• **EXERCISE**
The part below that opens with the line containing "Aldo Gentilini (1911-1982)" and closes with the line containing "据21数据新闻实验室统计,来" should be copied exactly, minus any pictures.

::: SOURCE MATERIAL

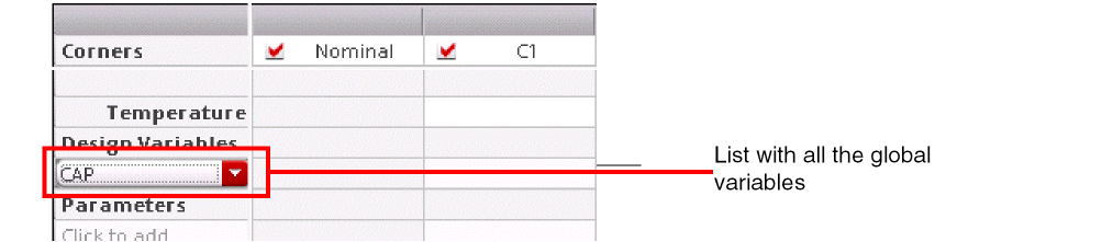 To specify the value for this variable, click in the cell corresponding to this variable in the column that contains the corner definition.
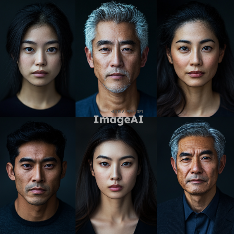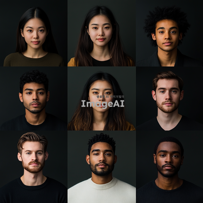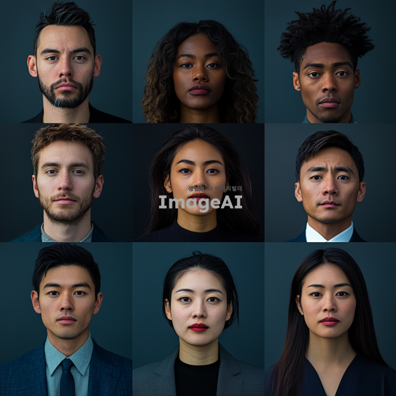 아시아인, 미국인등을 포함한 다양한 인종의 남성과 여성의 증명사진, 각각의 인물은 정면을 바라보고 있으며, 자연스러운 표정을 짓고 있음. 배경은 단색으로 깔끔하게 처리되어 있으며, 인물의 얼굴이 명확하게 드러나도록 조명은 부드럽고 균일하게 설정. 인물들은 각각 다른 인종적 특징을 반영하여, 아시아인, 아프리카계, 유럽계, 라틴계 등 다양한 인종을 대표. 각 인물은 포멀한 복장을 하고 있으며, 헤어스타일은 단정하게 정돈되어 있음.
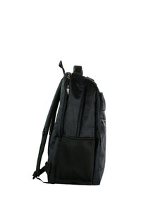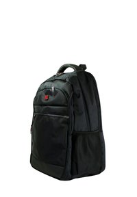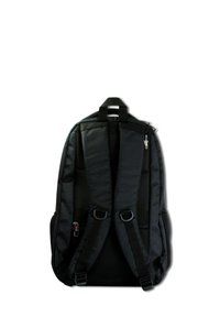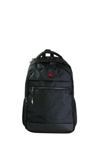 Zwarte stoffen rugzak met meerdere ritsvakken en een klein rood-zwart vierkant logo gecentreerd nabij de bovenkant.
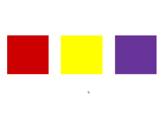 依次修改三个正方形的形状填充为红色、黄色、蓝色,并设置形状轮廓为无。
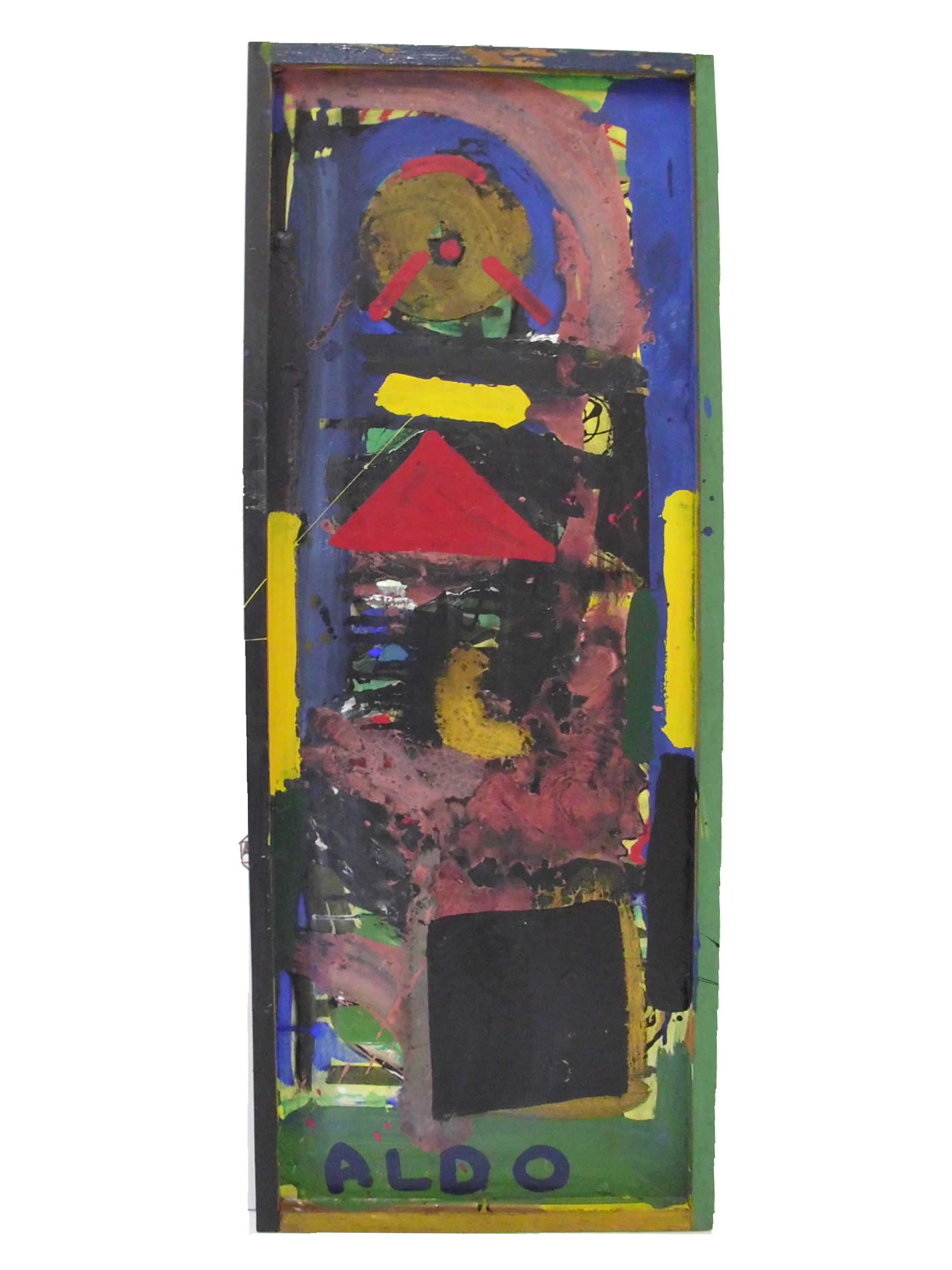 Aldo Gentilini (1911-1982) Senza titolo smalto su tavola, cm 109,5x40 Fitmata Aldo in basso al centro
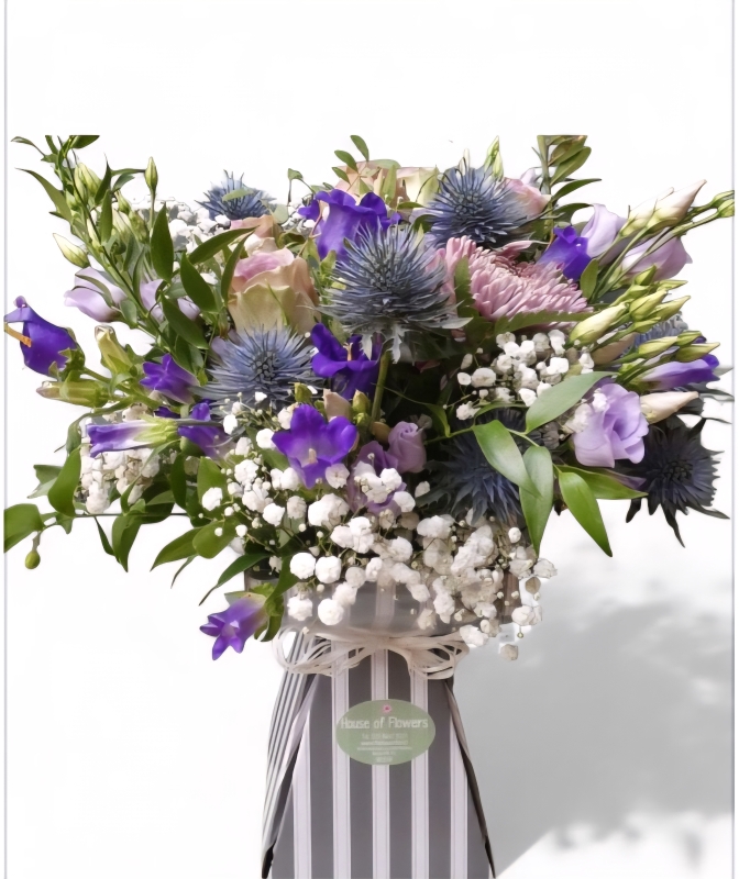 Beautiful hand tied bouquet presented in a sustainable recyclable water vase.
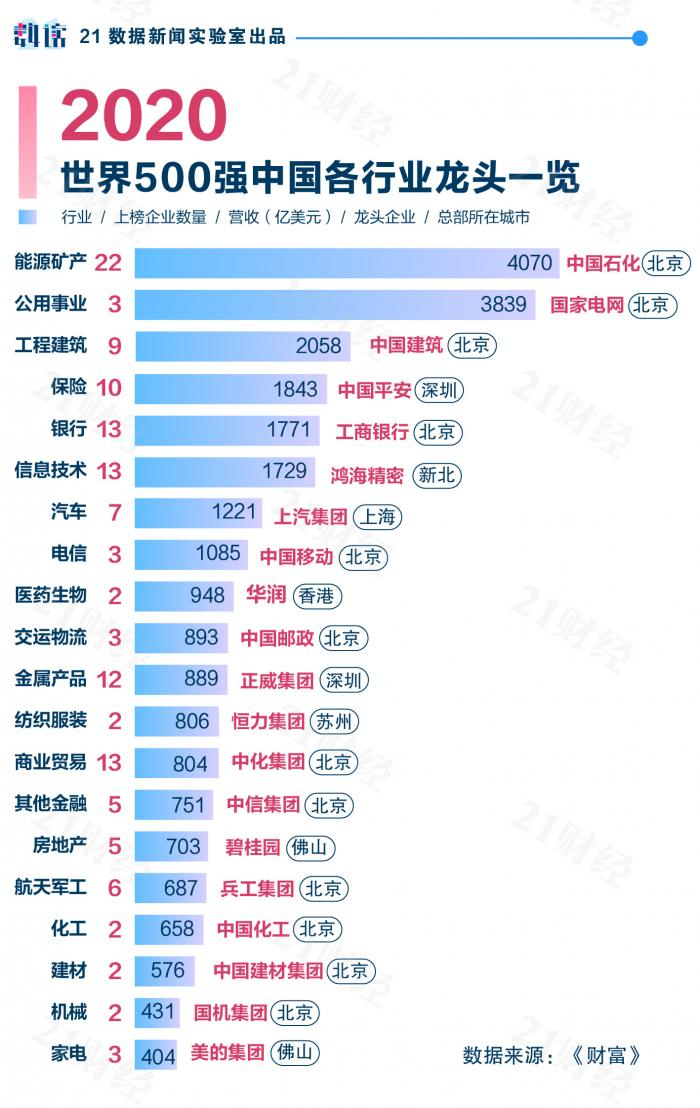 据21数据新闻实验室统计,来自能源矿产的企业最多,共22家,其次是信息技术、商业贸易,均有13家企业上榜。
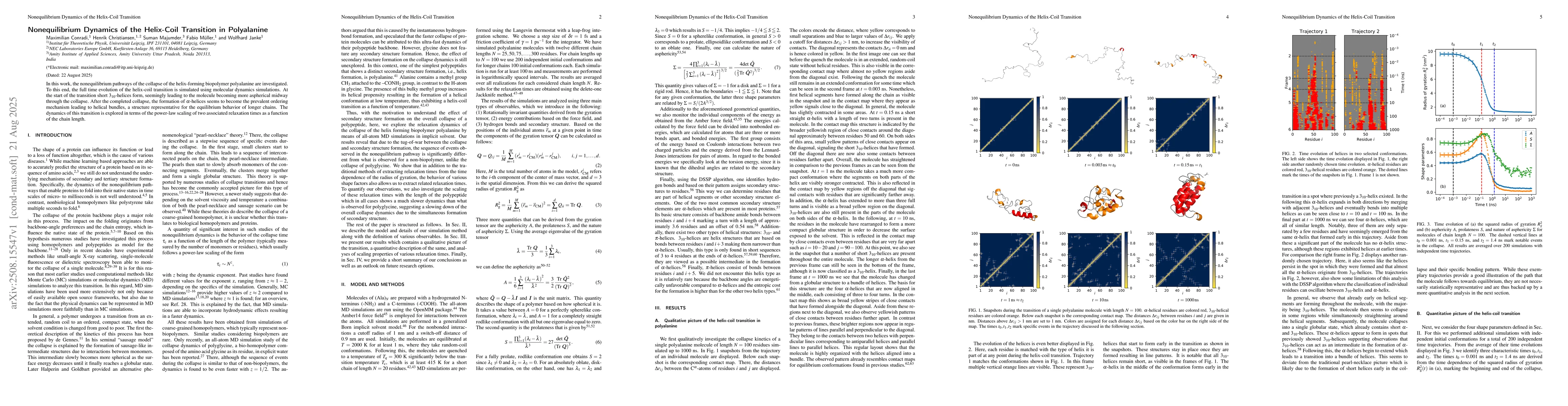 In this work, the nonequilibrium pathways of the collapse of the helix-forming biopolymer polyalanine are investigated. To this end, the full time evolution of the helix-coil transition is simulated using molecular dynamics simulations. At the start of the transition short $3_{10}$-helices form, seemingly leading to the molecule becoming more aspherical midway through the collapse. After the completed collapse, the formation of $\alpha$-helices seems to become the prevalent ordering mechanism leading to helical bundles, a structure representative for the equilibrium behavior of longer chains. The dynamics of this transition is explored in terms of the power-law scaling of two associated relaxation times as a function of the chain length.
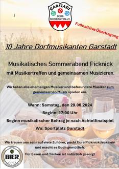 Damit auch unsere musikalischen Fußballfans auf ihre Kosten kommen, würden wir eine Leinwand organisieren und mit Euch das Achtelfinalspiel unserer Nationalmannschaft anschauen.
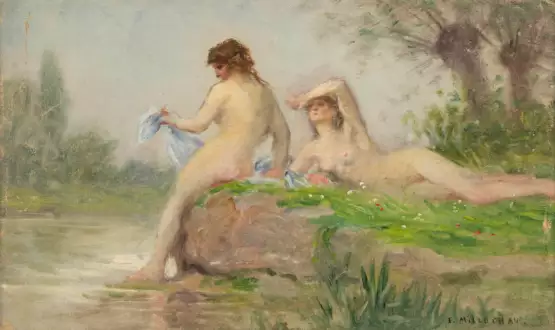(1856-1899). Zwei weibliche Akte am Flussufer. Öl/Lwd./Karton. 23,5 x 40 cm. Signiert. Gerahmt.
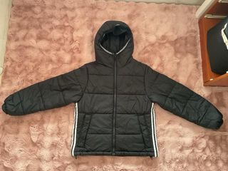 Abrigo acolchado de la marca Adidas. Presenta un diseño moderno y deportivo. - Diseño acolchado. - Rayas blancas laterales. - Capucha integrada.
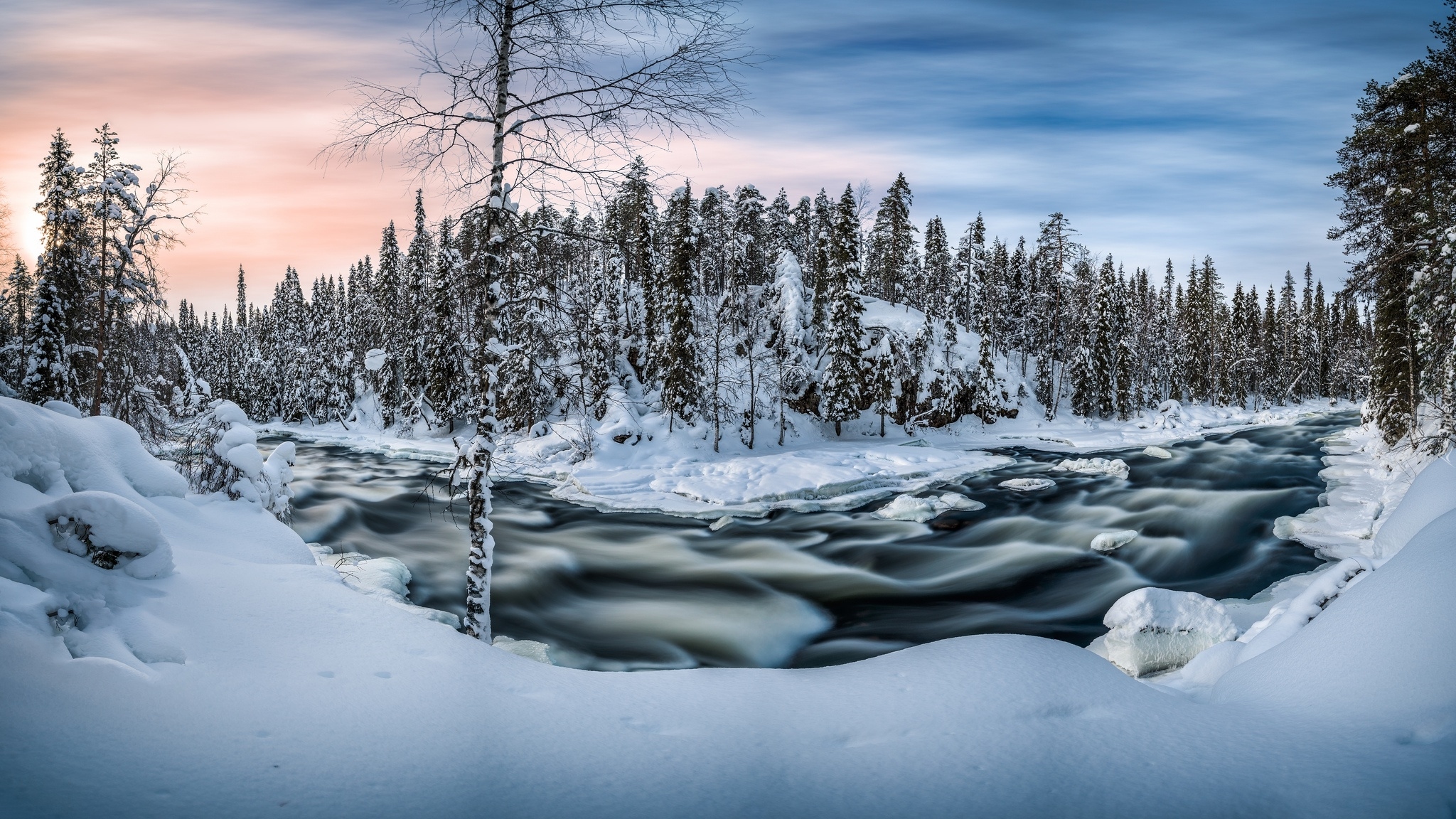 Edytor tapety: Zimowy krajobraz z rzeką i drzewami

::::::

• **YOUR RESPONSE**
 Aldo Gentilini (1911-1982) Senza titolo smalto su tavola, cm 109,5x40 Fitmata Aldo in basso al centro
 Beautiful hand tied bouquet presented in a sustainable recyclable water vase.
 据21数据新闻实验室统计,来自能源矿产的企业最多,共22家,其次是信息技术、商业贸易,均有13家企业上榜。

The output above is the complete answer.